There are currently no approved therapies for long COVID. There is a “small pipeline” of drugs, including antivirals, metabolomics, anti-cytokine therapies, immunomodulatory drugs and those targeting chemokine receptor type 5 (CCR-5), Calabrese said. However, there are no data yet.
That said, patients with fatigue, many of whom meet criteria for myalgic encephalomyelitis/chronic fatigue syndrome (ME/CFS), may be managed by rheumatology.
“These are patients we know,” Calabrese said.
Similarly, patients with autonomic dysfunction as part of neurocognitive complaints may demonstrate pain and inflammation that is familiar to rheumatologists.

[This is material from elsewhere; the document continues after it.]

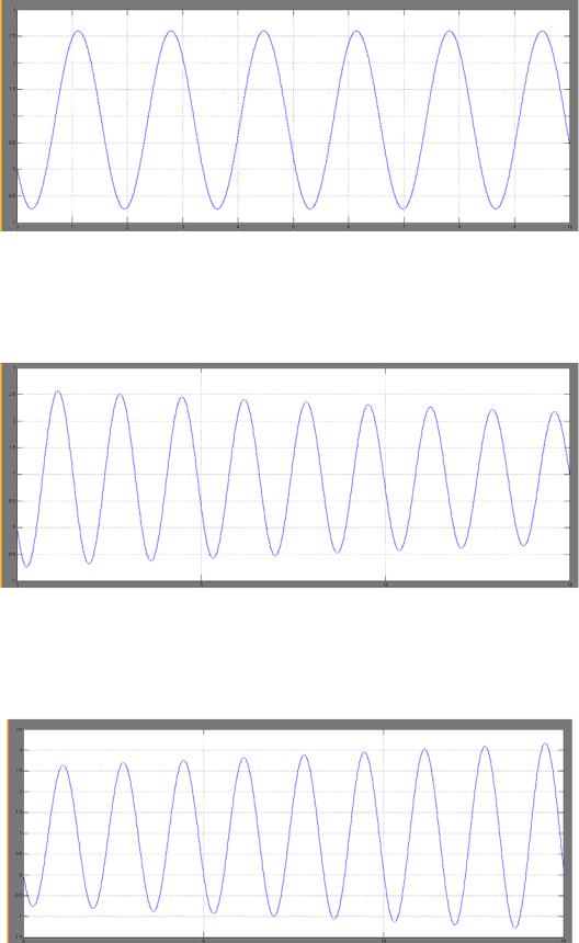 На рис. 5.4 представлены показания Scope для случая, когда kр = 13,1 > kпред. Из рисунка видно, что при kр > kпред переходной процесс в системе расходится (амплитуда колебаний возрастает с течением времени).

“We should be very interested in this,” Calabrese said. “Rheumatology has a lot of studies of the autonomic nervous system.”
Meanwhile, for patients with cardiopulmonary complaints, he stressed that rheumatologists should consider referral to another specialist.
“It needs to be done by people who know what they are doing,” Calabrese said.
Until targeted drugs are available, Calabrese recommended rheumatologists managing patients with long COVID to start with individual symptoms.
“The starting point of taking care of long COVID is to treat the symptoms, but we also need to hear them empathically,” he said. “Hearing patients and interacting with patients in an empathic way has healing effects.”